“The Patient Protection and Affordable Health Care Act (PPACA) is projected to yield $575 billion in Medicare savings over the next 10 years, mostly from Medicare payment reductions to doctors, hospitals, and health plans. But beneath these payment reductions, the PPACA also makes statutory changes that could challenge the autonomy of physicians to treat patients as they think best, undercut the freedom of physicians to remain in private practice, and threaten the continuation of fee-for-service medicine regardless of the preferences of doctors and patients.”

Despite promises from the President that his health care law would not make anyone lose their current health plan, colleges will soon stop offering low-cost plans to students. Since young people are unlikely to need the expensive plans mandated by ObamaCare, colleges are able to offer inexpensive plans. ObamaCare will change all that, as new coverage mandates will be implemented. “Without a number of changes, it may be impossible ‘to continue to offer student health plans,’ says an Aug. 12 letter sent to Health and Human Services Secretary Kathleen Sebelius from the American Council on Education and signed by 12 other trade associations representing colleges.”

Insurance agents are looking at the government’s plans to create insurance exchanges and are worried that they’ll be made obsolete and driven out of business. They are assuming that the fee insurance companies pay to brokers will be considered an administrative cost by new “medical-loss ratio” regulations and that insurance companies will be forced to lower those costs to comply with ObamaCare.

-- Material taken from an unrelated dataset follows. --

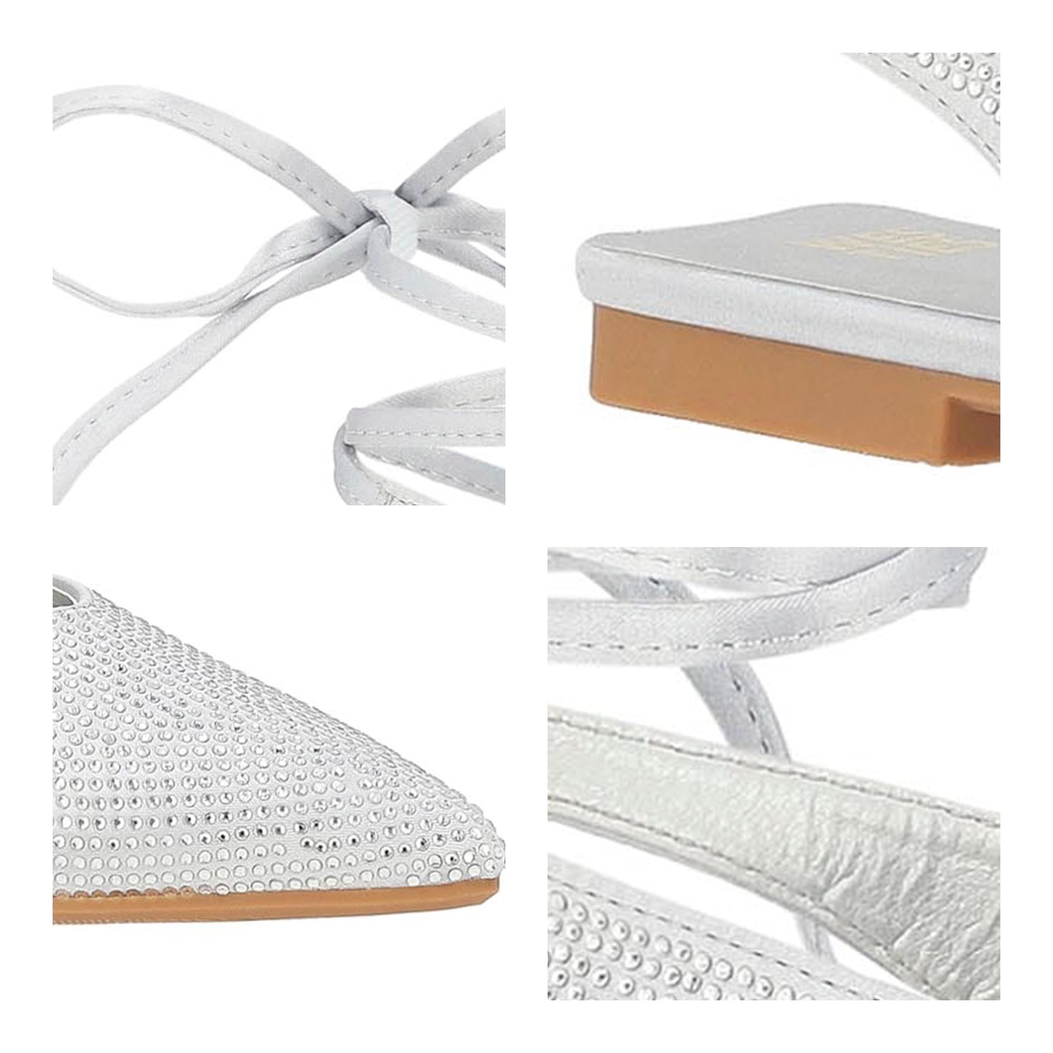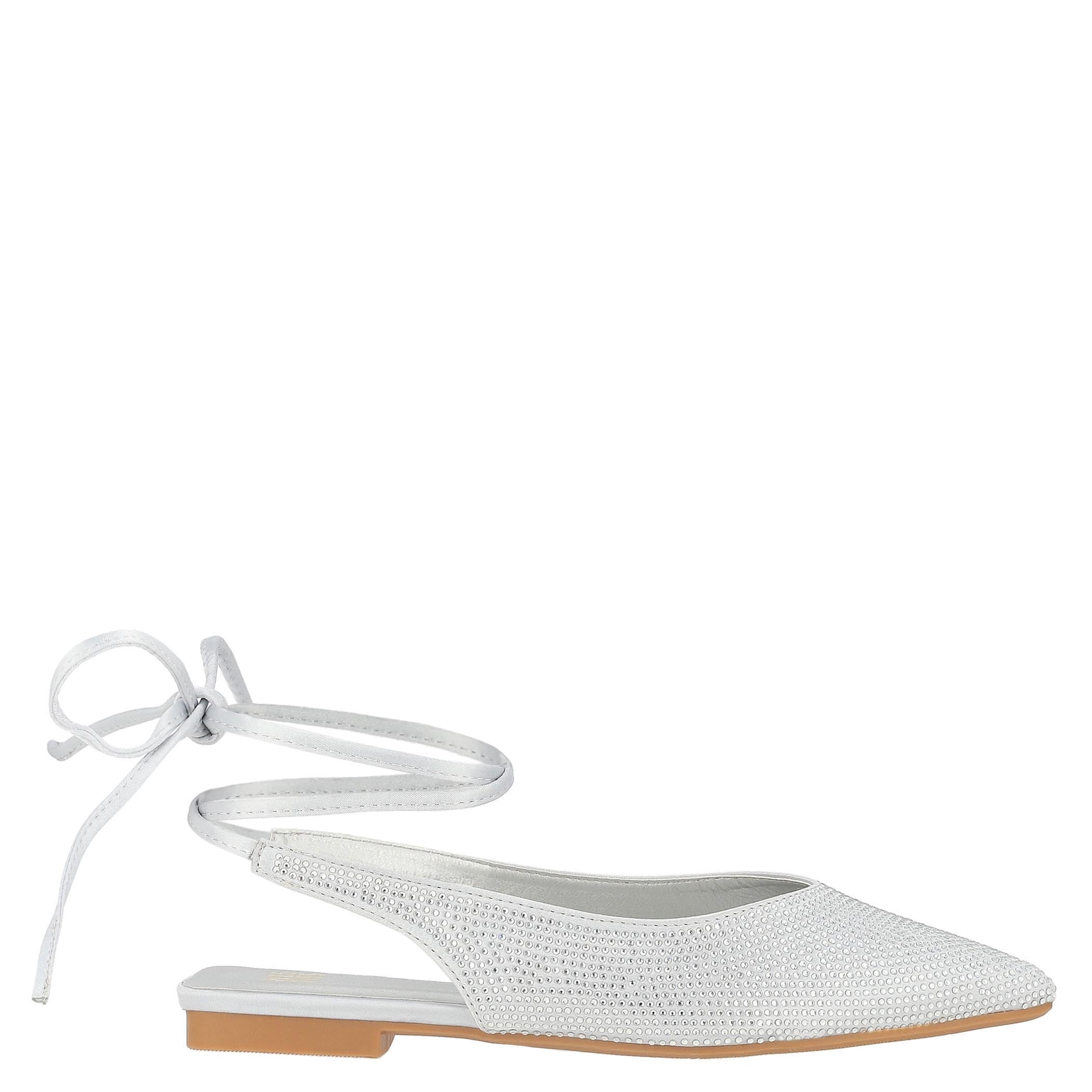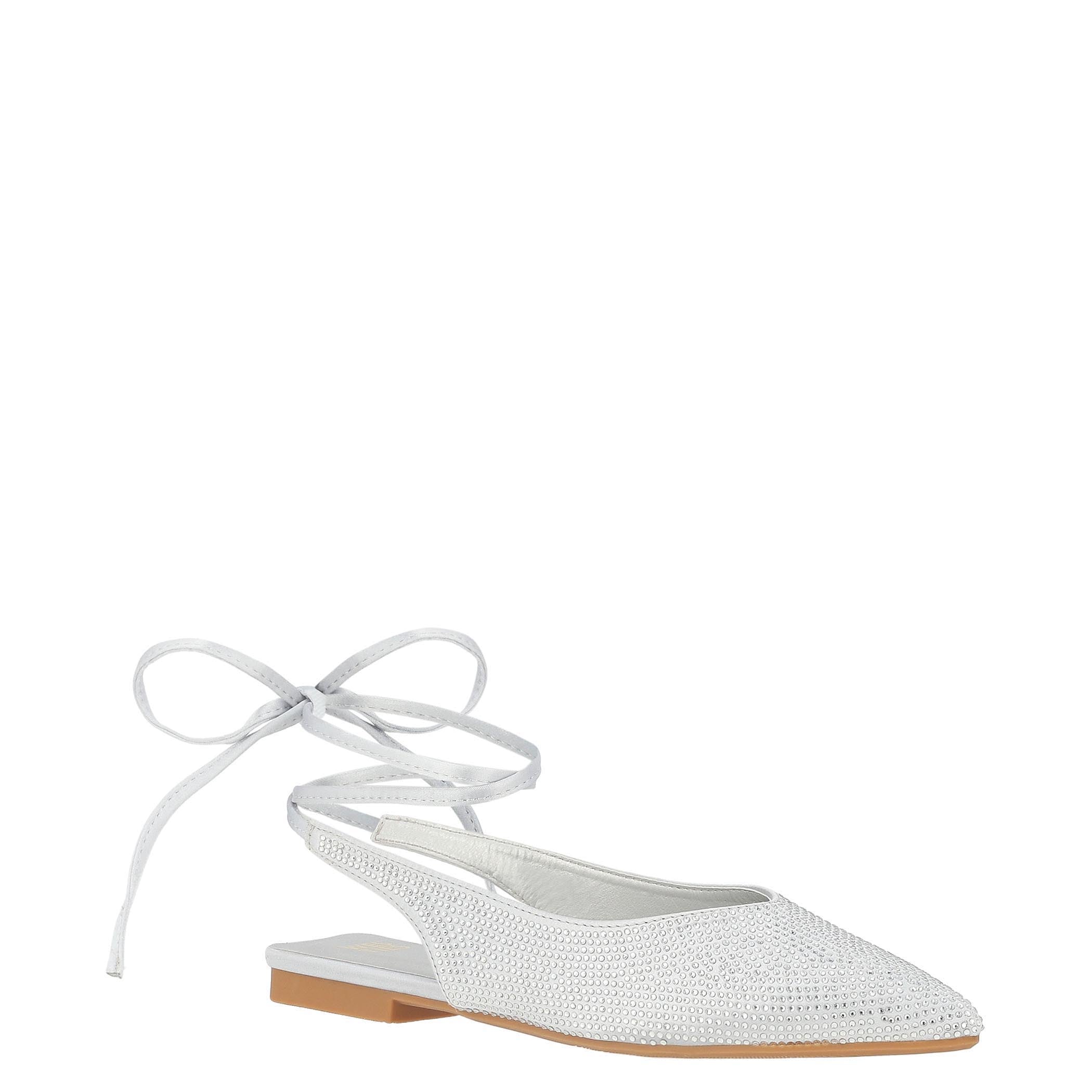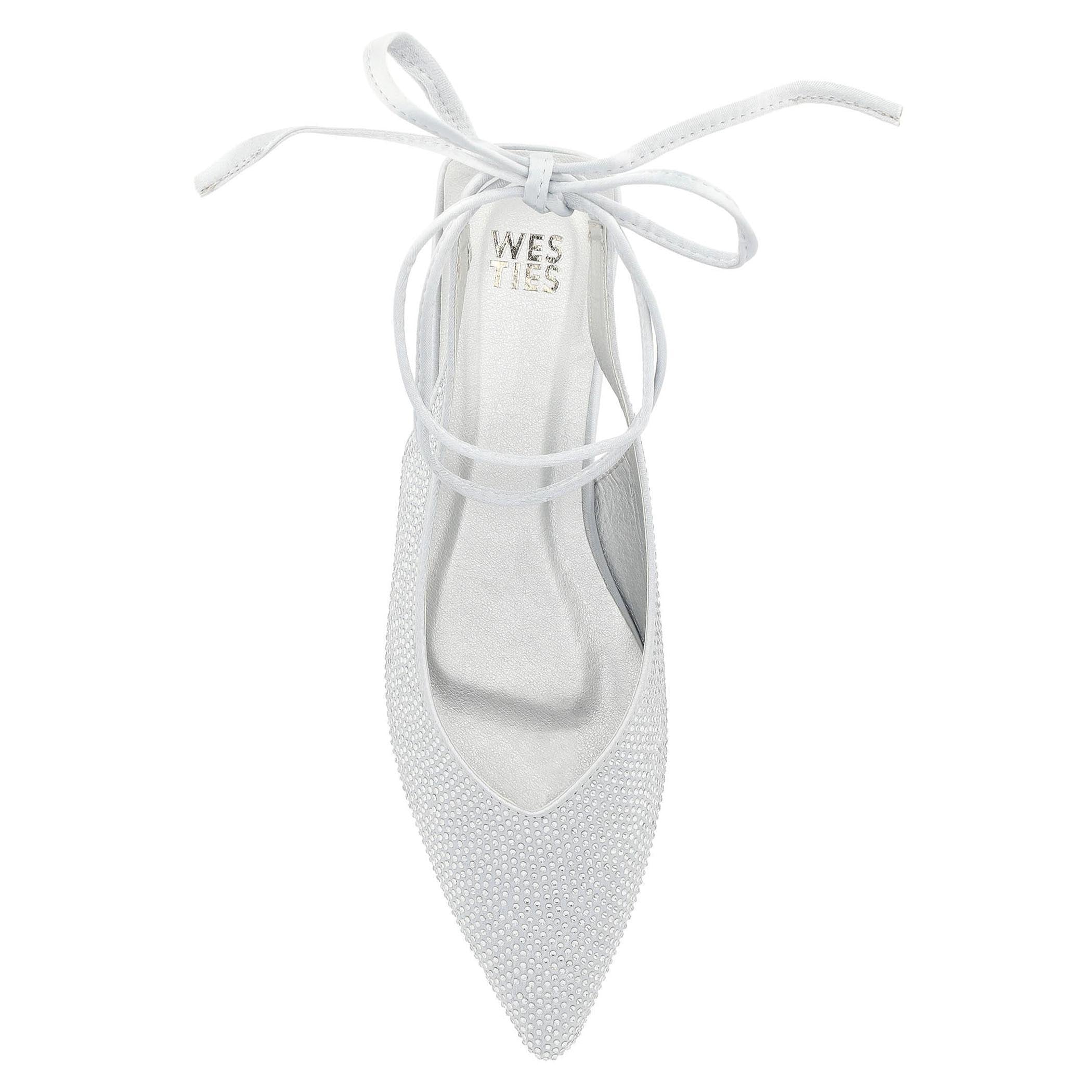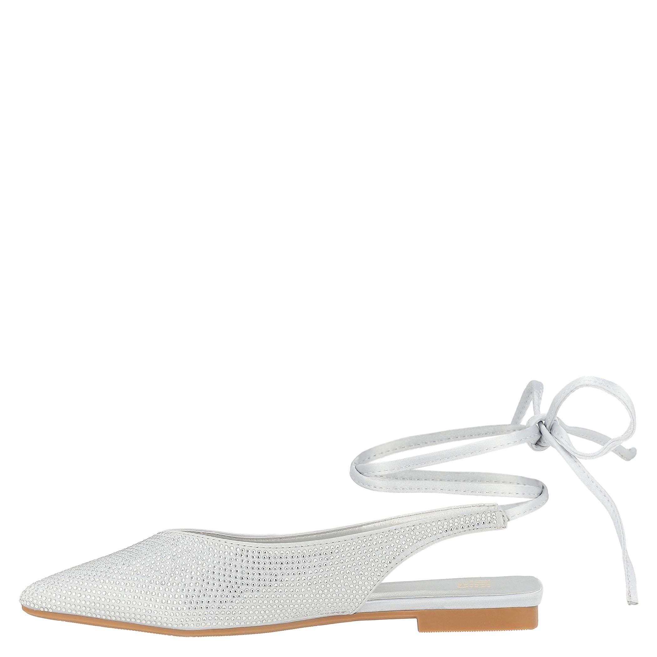 Ballerina Westies para mujer elaborado en material textil con aplicación de pedrería, estampado liso, fijación abierta, puntal, forro sintético, suela de inyección, cuña flat y textura lisa.

As one of the backroom deals required to pass ObamaCare through the Senate, Sen. Max Baucus (D-MT) earmarked special funding for Libby, Montana to deal with an asbestos problem. At a town hall meeting featuring HHS Secretary Kathleen Sebelius, residents weighed in with strong objections to the new law, even though they were the recipients of special treatment. “And while some Libby residents thanked Sebelius and Baucus for the health care reform law that passed last year and extended Medicare coverage to those sickened by asbestos, others questioned whether the changes to America’s health care system were Constitutional. “

“From 1990 to 1995, we served as public trustees for Social Security and
Medicare. As a Democrat and a Republican (now an independent), we worked
together on a professional and nonpartisan basis with the other trustees – the
secretaries of health and human services, labor and Treasury – to ensure the
integrity and credibility of the annual reports on these critically important
social insurance programs. [T]he conclusions expressed in this year’s Medicare
report were, to our minds, based on unreasonable assumptions that produced
unrealistic and misleading results. The unwarrantedly optimistic report could
produce a serious misunderstanding of the true financial condition of Medicare
and result in significant public confusion.”

“Fewer than 2 million of the nation’s 6 million companies with employees qualify
for the small-business tax credits included in the new health insurance reform
law, says the National Federation of Independent Business. The law’s supporters
had projected that twice as many small businesses would qualify for the tax
credit.”

Doctor-owned hospitals were virtually banned by ObamaCare, making them the
“biggest losers in federal health care reform.” Existing ones are looking to
merge, or be acquired by existing hospital systems, restricting choice and
competition in the market.

The Florida chapter of the American Medical Association expressed “no
confidence” in the national organization for their endorsement of and
campaigning on behalf of ObamaCare.

Many doctors acquire their own imaging equipment so they can conduct CT scans,
MRIs, and other services directly in their office without an outside referral.
They say this allows them to better treat their patients in a more timely and
efficient manner. ObamaCare put new regulations on doctors providing
self-referrals, because bureaucrats mistrust the motives of doctors, believing
them to be ordering wasteful, extra tests.

ObamaCare supporters are abandoning their campaign to tout the law, instead advising lawmakers running for reelection to promise to “improve it.” Their polling shows that Americans have not been persuaded by advocates’ claims that the law will lower costs or reduce deficits.